Facing Reality
Don is remarkably accepting about his condition. (He puts this down to his background of Presbyterian Calvinism...) Doesn't complain, doesn't go on about all that he has lost, all that he can't do. Yes, there are times of real despair, such as my blog post about a year ago, Psalm 46. And he suffers from depression, which apparently is an intrinsic part of multiple sclerosis, although I am sure that the depression is also a normal consequence of living with the limitations of MS and the frightful future one faces.
But you can take facing reality only so far. And lately, I have been having some very difficult visits with Don, because he wants me to drive him to Griffith in the Riverina, to visit his mother. She is 97 years old, and is in a nursing home, and they tell us she has not been well. Actually she is in better shape than Don in a lot of ways, as she is able for example to get herself to meals independently, with the aid of a walking frame. But now it seems she is deteriorating.

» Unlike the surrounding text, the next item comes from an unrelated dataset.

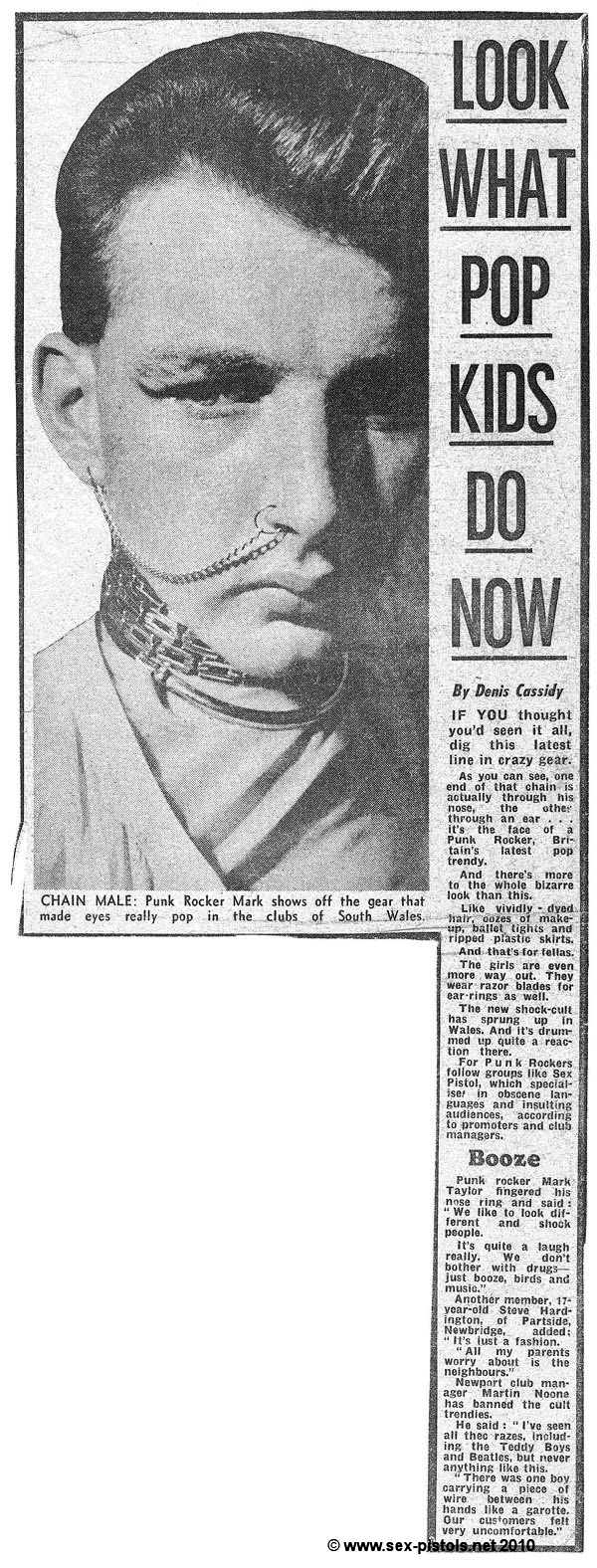 As you can see, one end of that chain is actually through his nose, the other through an ear ... it's the face of a Punk Rocker, Britain's latest pop trendy.

At first I just did the usual thing of being rather vague, and expecting by next day it would not be raised again. Don has raised the idea a number of times in the past, but has not persisted. But now he will not drop the idea, and is insistent that we go to Griffith for one last visit to his mother before she dies. And is quite pressing about it, and practical too, wanting me to bring a suitcase so we can pack his things, and working out what time we would need to leave to do the trip in one day, stay one night, and then drive back the next day.
So I said we would need to work it out with our son David to come with us, as I needed someone else to help get Don in and out of the car, wheelchair, bed, etc. And that would probably mean bringing our 4-year-grandson as well, so not to be undertaken at the drop of a hat.
But staff told me it would not be feasible even with someone to help, but we would need to hire a lifter and other equipment at the other end.
Eventually I said to him, Look if we were able to go to Griffith and stay overnight, you would be living at home with me, because it would mean we could manage. So he got a bit cross and said huffily that I was trying to make difficulties, that I just didn't want to go to Griffith. My response was, that in fact I am more concerned about when his mother dies, because it seems unthinkable for us not to go her funeral, but I'm blowed if I know how we could do it.